While the above are good for a quick visualization of the DEG, enhanced Volcano Plots are better at creating literature quality figures. In these figures I will highlight some of the most differential expressed genes that are also involved in energy production or de novo amino acid synthesis.

EnhancedVolcano(resdata1,
                lab = as.character(resdata1$Gene_id),
                x = 'log2FoldChange',
                y = 'padj',
                selectLab = c("LP_RS11495"),
                title = "A. mellifera strains vs MRS1",
                subtitle = "Visualizing purF", 
                FCcutoff = 2,
                pCutoff = 0.1,
                labSize = 4, 
                axisLabSize = 12, 
                col=c('black', 'black', 'black', 'red3'),
                labCol = 'black',
                labFace = 'bold',
                boxedLabels = TRUE,
                legendLabels=c('Not sig.','Log2FC','padj', 'padj & Log2FC'),
                legendPosition = 'right',
                legendLabSize = 16,
                legendIconSize = 5.0,
                drawConnectors = TRUE,
                widthConnectors = 1.0,
                colConnectors = 'black', 
                gridlines.major = FALSE,
                gridlines.minor = FALSE)

ggsave(path = "Figs",filename ='Bee-volcano.png')
## Saving 7 x 5 in image
EnhancedVolcano(resdata2,
                lab = as.character(resdata2$Gene_id),
                x = 'log2FoldChange',
                y = 'padj',
                selectLab = c("LP_RS15355"),
                title = "Drosophila strains vs MRS2",
                subtitle = "Visualizing adhE", 
                FCcutoff = 2,
                pCutoff = 0.1,
                labSize = 4, 
                axisLabSize = 12, 
                col=c('black', 'black', 'black', 'red3'),
                labCol = 'black',
                labFace = 'bold',
                boxedLabels = TRUE,
                legendLabels=c('Not sig.','Log2FC','padj', 'padj & Log2FC'),
                legendPosition = 'right',
                legendLabSize = 16,
                legendIconSize = 5.0,
                drawConnectors = TRUE,
                widthConnectors = 1.0,
                colConnectors = 'black', 
                gridlines.major = FALSE,
                gridlines.minor = FALSE)

ggsave(path = "Figs",filename ='Drosophila-volcano.png')
## Saving 7 x 5 in image
EnhancedVolcano(resdata3,
                lab = as.character(resdata3$Gene_id),
                x = 'log2FoldChange',
                y = 'padj',
                selectLab = c("LP_RS01415"),
                title = "Pineapple Juice strains vs MRS3",
                subtitle = "Visualizing biotin-[acetyl-CoA-carboxylase] ligase", 
                FCcutoff = 2,
                pCutoff = 0.1,
                labSize = 4, 
                axisLabSize = 12, 
                col=c('black', 'black', 'black', 'red3'),
                labCol = 'black',
                labFace = 'bold',
                boxedLabels = TRUE,
                legendLabels=c('Not sig.','Log2FC','padj', 'padj & Log2FC'),
                legendPosition = 'right',
                legendLabSize = 16,
                legendIconSize = 5.0,
                drawConnectors = TRUE,
                widthConnectors = 1.0,
                colConnectors = 'black', 
                gridlines.major = FALSE,
                gridlines.minor = FALSE)

ggsave(path = "Figs",filename ='Pineapple-volcano.png')
## Saving 7 x 5 in image

Boxplots

To further visualize the specific DEG we can use boxplots.
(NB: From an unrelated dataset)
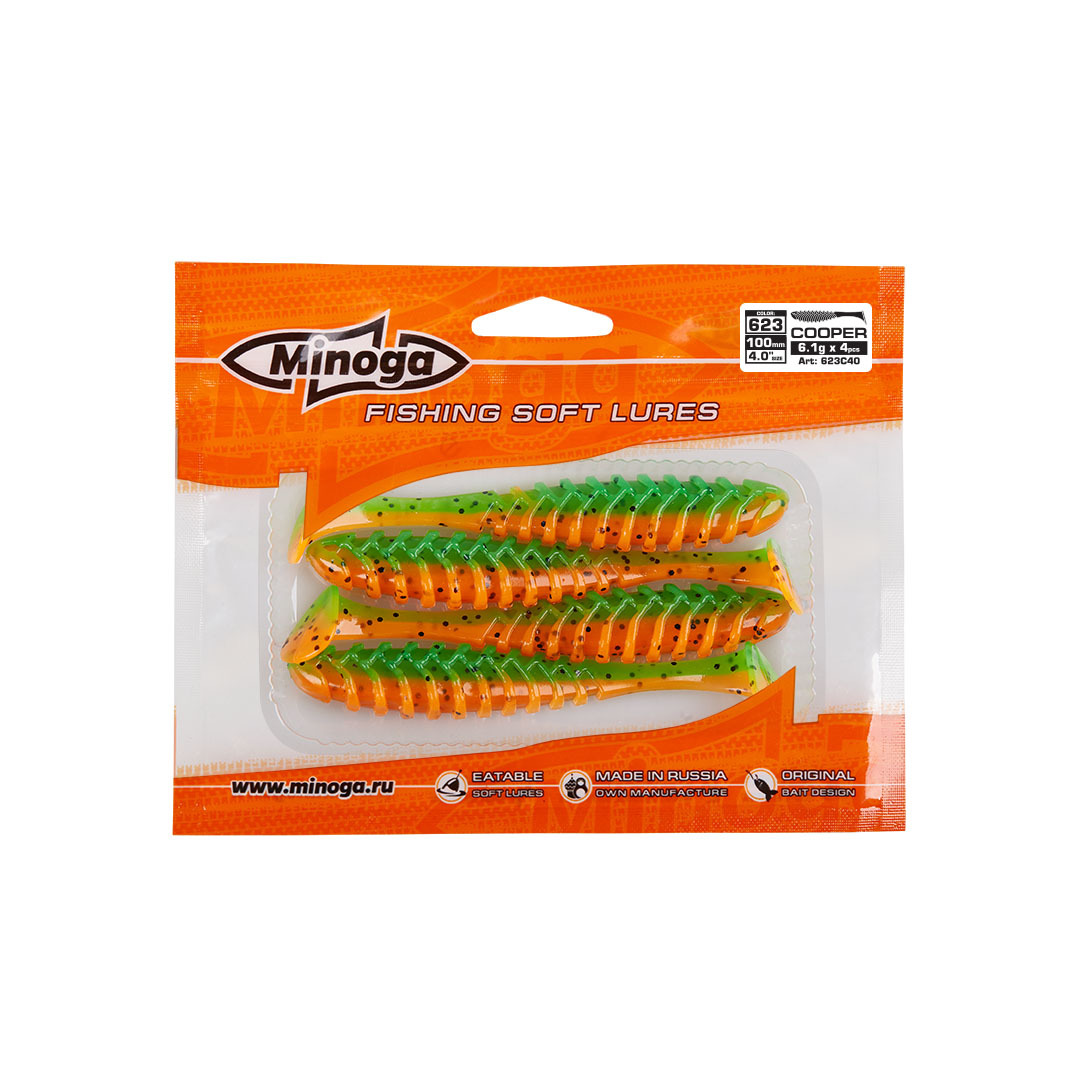 Виброхвост Minoga COOPER имеет удлиненное ребристое треугольное тело, которое создает шумы в водной среде, заставляя тем самым, обратить на себя внимание любому, даже самого пассивному хищнику. Отлично монтируется на офсетный, двойной или одинарный крючок. Приманка работает даже при самой медленной проводке! Cooper делается, как и все приманки MINOGA из мягкого съедобного силикона, с содержанием как вкусовой, так и ароматической добавки. Основным объектом ловли на данную приманку является окунь, судак и щука.

In my opinion boxplot grids wouldnt be as useful to visualize this data because the comparison to one MRS sample for every each model media limits the possible variation. Therefore, all the MRS boxes will be seen as a line will the model media variation will not be visualized properly. However, for the sake of looking at individual gene expression, its still useful.

  1. The first step would be to create filtered csv files and top20 DEG csv file.
#Top20 DEG
resdata1_sig <- as.data.frame(resdata1) %>% dplyr::filter(abs(log2FoldChange) > 2 & padj < 0.1)
write.csv(resdata1_sig, file="Model1vsMRS1_DEG.csv")

top20_Model1vsMRS1 <- resdata1_sig [c(1:20),c(1,8:11)]
write.csv(top20_Model1vsMRS1, file="top_20_DEG_Model1vsMRS1.csv")

#Contrast2
resdata2_sig <- as.data.frame(resdata2) %>% dplyr::filter(abs(log2FoldChange) > 2 & padj < 0.1)
write.csv(resdata2_sig, file="Model2vsMRS2_DEG.csv")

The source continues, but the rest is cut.